On Wednesday, July 28, Michigan State University will be giving away bags of frozen Japanese beetles, an estimated 15-20% of them infected with the protozoan pathogen Ovavesicula popilliae. You don’t have to pronounce it, you just have to know that MSU entomologist David Smitley has been studying it for years and found it effective in cutting the Japanese beetle population.

The frozen bug giveaway will be from 10 a.m.-noon at MSU’s Tollgate Research and Extension Farm near Novi. At 10 a.m., 10:30 a.m. and 11 a.m., there will be talks on the Japanese beetle project, then everyone will get a bag with about 50 of the freshly frozen bugs. You get to take them home and put them in your own yard to help establish the pathogen in the soil. (Go online for more details about this event.)

The pathogen doesn’t kill Japanese beetles; it just weakens them so that, for example, an infected female will not lay eggs.

Brought here from Connecticut, the pathogen infects only Japanese beetles, not people, pets or other insects, Smitely said. His biggest worry is that he’ll have more than the expected number of Japanese beetle haters.

About two years ago, he had a similar giveaway on a golf course south of Detroit and ran out of the infected insects. The people who went away bug-less were not happy, Smitley said when I talked to him a few days ago. “They were mad,” he said. “They were really mad.”

So get in line early. I plan to be there too, to get me some of those frozen beetles. Once again proving that revenge – even on bugs – is best served cold.

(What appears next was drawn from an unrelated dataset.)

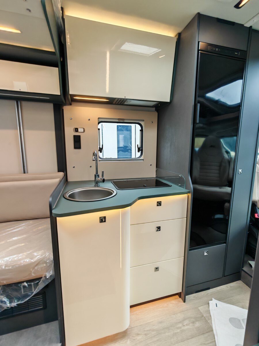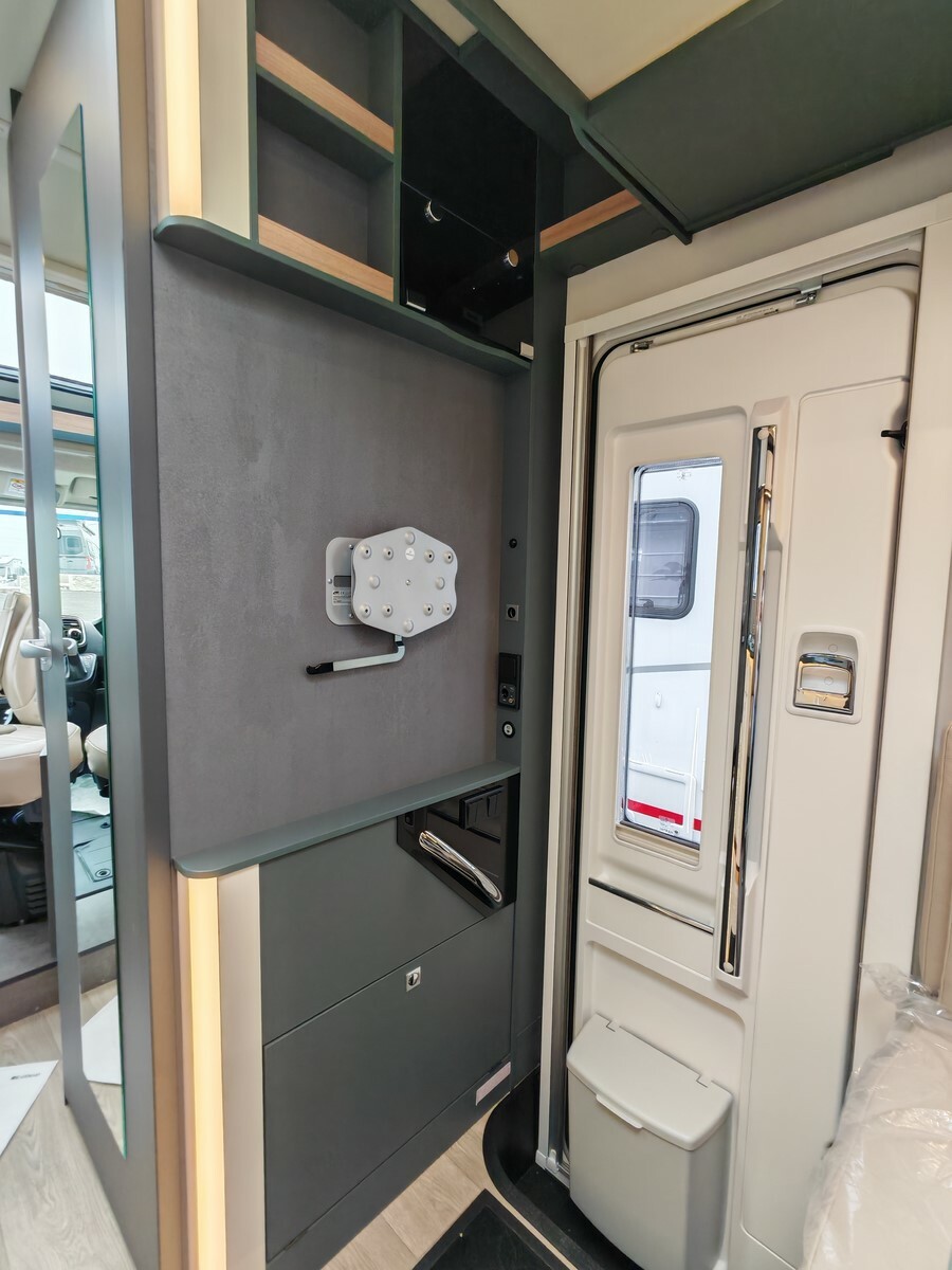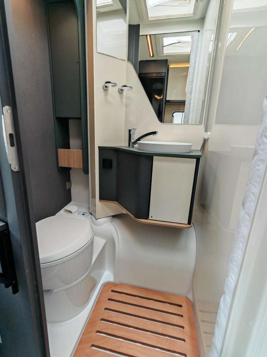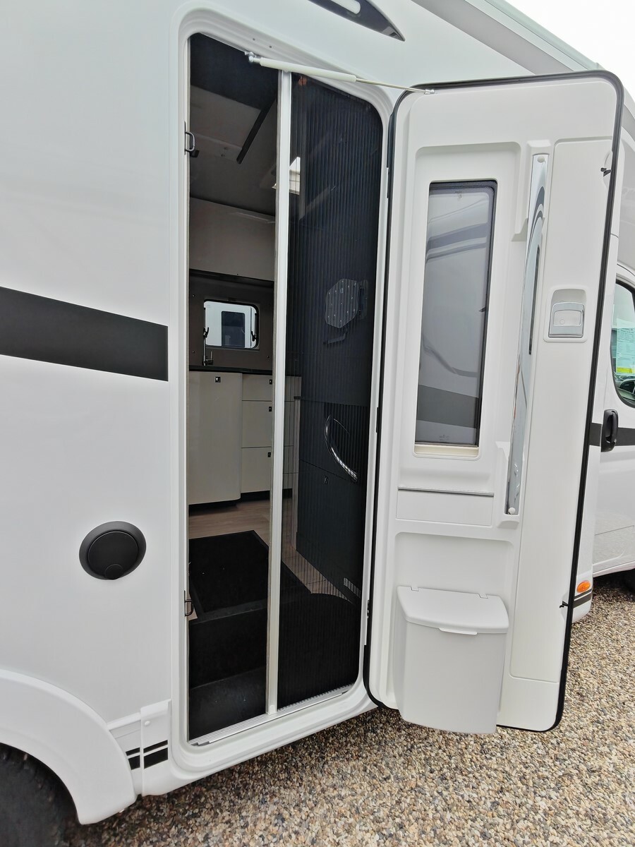 - Pack "One" (réservoir d'eaux usées isolé et chauffé, lanterneau Skyview, hotte aspirante, prédisposition caméra de recul, stores plissés occultants de cabine, prédisposition panneau solaire, caillebotis de douche, tapis de cabine, porte cellule premium XL, habillage des parois de la chambre à coucher arrière en simili-cuir, grand tiroir et porte-bouteille coulissant dans la cuisine),

About the writer: Marianne Rzepka, former reporter for the Ann Arbor News and Detroit Free Press, is a Master Gardener who lives in Ann Arbor and thinks it’s fun to turn the compost pile.

2 Comments

  1. By ScratchingmyHead
    July 20, 2010 at 9:07 am | permalink

    Thank you Marianne for a wonderful article about a wonderful place in our state. I discovered Hidden Lake about three years ago and it is one of my favorite annual day trips for my family and I. Its a real gem and I only wish more people knew about it. Its one place I plan to take my family when they visit from other parts of the US.

  2. July 20, 2010 at 9:28 am | permalink

    I haven’t been there for a while, but a favorite was the primrose path near the lake – blooms in June.